Task details: Where a line of the entries holds the string "Hybrid", copy that line.

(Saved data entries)
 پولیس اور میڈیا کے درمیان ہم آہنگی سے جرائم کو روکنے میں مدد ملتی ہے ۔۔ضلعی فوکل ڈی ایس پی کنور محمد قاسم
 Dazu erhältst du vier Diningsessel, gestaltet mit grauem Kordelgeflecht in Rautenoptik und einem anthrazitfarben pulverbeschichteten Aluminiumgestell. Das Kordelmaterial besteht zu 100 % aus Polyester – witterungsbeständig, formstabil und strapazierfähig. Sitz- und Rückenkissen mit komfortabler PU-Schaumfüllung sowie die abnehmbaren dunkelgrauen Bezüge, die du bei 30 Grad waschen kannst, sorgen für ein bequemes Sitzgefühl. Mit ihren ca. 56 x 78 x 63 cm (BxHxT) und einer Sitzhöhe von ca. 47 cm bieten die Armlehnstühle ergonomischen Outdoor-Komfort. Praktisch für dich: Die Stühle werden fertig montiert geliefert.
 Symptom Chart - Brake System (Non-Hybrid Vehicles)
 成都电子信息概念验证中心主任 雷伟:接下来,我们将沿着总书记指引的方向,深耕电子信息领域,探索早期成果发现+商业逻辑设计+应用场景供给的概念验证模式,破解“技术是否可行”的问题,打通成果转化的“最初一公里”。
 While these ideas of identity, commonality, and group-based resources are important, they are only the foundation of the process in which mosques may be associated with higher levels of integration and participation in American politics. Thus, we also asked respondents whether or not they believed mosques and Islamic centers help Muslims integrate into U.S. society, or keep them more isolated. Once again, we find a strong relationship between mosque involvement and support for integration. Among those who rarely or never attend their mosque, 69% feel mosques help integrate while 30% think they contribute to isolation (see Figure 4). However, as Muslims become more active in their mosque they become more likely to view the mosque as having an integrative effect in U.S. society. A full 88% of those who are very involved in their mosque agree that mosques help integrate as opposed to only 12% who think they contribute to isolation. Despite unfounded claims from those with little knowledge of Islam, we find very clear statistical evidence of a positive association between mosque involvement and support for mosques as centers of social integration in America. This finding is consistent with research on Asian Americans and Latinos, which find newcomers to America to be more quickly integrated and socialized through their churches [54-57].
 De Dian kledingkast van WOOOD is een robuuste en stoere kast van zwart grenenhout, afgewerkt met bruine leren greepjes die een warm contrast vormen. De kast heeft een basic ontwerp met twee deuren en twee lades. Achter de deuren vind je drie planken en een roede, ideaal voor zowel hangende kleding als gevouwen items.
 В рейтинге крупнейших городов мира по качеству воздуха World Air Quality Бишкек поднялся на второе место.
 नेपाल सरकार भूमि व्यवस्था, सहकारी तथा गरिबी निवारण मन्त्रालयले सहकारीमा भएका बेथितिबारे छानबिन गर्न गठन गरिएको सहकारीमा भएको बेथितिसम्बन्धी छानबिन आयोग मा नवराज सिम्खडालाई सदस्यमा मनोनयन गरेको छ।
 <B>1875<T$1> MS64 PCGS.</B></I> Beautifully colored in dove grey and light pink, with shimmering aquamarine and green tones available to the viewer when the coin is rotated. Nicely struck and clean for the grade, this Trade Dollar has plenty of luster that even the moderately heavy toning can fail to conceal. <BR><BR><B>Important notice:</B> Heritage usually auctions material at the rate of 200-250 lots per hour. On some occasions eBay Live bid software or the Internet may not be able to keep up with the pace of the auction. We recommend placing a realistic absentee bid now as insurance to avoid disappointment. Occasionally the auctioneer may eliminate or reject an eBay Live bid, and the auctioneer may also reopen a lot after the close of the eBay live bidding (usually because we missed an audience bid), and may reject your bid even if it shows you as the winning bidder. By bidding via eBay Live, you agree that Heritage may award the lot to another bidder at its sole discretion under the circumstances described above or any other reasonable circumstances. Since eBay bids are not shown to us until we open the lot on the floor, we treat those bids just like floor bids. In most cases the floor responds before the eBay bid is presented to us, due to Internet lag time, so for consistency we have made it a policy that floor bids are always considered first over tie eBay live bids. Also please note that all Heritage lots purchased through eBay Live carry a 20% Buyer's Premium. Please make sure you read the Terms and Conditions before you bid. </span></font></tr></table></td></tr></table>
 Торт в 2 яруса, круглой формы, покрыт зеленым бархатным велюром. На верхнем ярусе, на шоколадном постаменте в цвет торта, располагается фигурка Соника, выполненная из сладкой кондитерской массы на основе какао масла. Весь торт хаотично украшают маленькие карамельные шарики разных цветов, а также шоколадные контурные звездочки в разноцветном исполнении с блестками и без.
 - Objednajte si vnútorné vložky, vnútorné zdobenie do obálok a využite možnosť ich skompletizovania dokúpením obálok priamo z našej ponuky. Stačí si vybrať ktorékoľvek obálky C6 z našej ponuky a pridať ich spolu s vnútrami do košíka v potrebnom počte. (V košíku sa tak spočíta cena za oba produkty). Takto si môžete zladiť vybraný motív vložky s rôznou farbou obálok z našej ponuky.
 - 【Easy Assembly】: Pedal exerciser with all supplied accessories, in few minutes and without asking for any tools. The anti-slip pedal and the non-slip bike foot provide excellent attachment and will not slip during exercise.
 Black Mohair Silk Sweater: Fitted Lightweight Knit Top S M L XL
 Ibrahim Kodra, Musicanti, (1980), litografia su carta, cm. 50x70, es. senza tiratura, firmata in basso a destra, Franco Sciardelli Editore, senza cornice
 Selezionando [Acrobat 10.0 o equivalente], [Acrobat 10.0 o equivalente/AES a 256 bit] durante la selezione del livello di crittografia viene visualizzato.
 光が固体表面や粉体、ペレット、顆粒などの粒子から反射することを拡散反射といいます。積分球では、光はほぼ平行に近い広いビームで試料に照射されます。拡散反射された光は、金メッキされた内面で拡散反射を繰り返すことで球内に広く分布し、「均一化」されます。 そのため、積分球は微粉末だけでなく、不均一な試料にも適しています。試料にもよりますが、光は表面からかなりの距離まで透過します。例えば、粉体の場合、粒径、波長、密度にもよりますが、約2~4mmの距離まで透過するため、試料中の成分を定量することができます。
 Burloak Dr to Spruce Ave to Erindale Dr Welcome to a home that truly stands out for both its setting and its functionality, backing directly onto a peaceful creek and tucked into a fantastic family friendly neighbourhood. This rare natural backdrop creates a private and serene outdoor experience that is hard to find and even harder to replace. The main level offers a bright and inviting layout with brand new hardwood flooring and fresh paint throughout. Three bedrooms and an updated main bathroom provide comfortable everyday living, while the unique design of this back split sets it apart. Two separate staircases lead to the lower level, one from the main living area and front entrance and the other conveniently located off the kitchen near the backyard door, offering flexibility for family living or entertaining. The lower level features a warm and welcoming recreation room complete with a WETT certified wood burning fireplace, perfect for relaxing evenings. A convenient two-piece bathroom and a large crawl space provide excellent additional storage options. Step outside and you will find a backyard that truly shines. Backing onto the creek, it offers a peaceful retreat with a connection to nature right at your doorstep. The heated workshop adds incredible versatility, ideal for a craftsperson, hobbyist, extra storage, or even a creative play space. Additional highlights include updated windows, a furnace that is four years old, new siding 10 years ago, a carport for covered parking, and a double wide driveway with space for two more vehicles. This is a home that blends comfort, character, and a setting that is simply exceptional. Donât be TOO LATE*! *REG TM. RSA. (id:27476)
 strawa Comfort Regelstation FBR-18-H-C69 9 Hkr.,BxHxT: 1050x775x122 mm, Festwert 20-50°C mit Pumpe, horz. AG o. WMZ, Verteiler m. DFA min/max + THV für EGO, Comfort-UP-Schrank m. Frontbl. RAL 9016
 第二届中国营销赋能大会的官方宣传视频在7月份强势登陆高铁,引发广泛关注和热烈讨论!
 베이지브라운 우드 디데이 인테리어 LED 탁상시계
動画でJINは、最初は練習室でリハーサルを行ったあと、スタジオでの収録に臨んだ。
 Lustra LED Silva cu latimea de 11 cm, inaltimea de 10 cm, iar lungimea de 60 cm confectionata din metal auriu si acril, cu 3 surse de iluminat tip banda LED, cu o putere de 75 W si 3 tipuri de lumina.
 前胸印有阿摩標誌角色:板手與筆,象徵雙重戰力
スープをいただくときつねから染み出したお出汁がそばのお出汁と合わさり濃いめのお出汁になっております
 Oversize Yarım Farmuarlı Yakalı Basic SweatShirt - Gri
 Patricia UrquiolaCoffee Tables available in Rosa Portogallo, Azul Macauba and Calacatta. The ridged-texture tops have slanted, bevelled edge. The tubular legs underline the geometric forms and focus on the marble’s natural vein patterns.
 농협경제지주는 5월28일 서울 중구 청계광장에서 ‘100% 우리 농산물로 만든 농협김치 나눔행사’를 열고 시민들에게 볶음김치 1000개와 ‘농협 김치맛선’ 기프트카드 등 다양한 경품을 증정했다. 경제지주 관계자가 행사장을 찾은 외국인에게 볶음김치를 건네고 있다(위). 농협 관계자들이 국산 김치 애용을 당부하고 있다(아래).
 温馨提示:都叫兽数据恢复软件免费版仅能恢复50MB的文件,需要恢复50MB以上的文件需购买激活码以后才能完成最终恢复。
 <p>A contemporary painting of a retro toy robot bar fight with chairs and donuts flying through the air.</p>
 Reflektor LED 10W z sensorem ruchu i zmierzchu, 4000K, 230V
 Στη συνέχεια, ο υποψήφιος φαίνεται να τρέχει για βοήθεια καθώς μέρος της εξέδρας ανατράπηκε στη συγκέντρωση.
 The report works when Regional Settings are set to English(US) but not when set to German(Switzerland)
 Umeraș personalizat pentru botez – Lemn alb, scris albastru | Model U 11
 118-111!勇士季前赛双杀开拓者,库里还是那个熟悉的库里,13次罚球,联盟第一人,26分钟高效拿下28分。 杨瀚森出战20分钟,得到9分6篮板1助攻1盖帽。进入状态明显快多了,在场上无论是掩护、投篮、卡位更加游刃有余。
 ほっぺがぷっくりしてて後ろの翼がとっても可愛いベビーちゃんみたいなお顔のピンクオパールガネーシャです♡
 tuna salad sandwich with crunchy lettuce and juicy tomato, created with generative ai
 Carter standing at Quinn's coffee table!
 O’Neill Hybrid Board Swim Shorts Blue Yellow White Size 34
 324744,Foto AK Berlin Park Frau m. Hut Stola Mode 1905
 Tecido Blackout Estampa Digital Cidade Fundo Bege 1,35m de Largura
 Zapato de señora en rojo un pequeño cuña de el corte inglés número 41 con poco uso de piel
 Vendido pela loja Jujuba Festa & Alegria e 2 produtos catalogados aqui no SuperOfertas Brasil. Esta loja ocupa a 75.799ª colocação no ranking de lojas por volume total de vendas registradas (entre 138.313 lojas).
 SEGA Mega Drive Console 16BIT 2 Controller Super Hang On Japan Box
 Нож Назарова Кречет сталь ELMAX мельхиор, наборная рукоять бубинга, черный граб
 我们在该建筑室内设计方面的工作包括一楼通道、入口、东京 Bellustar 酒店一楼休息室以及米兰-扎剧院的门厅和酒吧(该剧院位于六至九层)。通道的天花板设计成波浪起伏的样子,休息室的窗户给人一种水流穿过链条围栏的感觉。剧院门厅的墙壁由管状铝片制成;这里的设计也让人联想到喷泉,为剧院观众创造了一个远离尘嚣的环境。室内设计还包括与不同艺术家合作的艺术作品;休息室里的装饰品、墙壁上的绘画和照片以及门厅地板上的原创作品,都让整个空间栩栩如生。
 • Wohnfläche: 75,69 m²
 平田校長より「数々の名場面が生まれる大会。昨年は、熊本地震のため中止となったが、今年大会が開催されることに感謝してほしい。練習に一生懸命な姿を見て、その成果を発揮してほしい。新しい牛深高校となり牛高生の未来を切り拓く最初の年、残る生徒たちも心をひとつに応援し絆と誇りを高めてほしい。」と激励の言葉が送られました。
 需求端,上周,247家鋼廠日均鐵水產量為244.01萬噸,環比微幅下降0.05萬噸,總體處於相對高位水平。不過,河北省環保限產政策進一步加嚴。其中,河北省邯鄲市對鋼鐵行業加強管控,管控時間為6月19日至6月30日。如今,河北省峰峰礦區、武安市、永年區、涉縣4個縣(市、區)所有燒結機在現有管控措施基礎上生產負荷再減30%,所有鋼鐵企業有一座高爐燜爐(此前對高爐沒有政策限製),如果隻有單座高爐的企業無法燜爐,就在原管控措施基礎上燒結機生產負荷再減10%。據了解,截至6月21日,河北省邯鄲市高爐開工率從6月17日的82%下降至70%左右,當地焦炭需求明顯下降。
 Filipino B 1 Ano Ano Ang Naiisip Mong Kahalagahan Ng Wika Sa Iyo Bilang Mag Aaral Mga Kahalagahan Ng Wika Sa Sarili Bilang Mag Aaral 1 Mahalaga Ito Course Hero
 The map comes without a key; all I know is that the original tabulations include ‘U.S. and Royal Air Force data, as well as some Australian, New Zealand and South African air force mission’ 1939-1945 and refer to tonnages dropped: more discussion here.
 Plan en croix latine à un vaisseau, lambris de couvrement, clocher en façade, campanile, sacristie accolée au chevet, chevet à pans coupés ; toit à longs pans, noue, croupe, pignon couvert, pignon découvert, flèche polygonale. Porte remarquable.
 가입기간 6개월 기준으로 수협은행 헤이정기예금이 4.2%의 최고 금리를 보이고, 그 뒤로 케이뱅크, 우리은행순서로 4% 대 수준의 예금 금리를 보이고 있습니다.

Answer space:
 Symptom Chart - Brake System (Non-Hybrid Vehicles)
 O’Neill Hybrid Board Swim Shorts Blue Yellow White Size 34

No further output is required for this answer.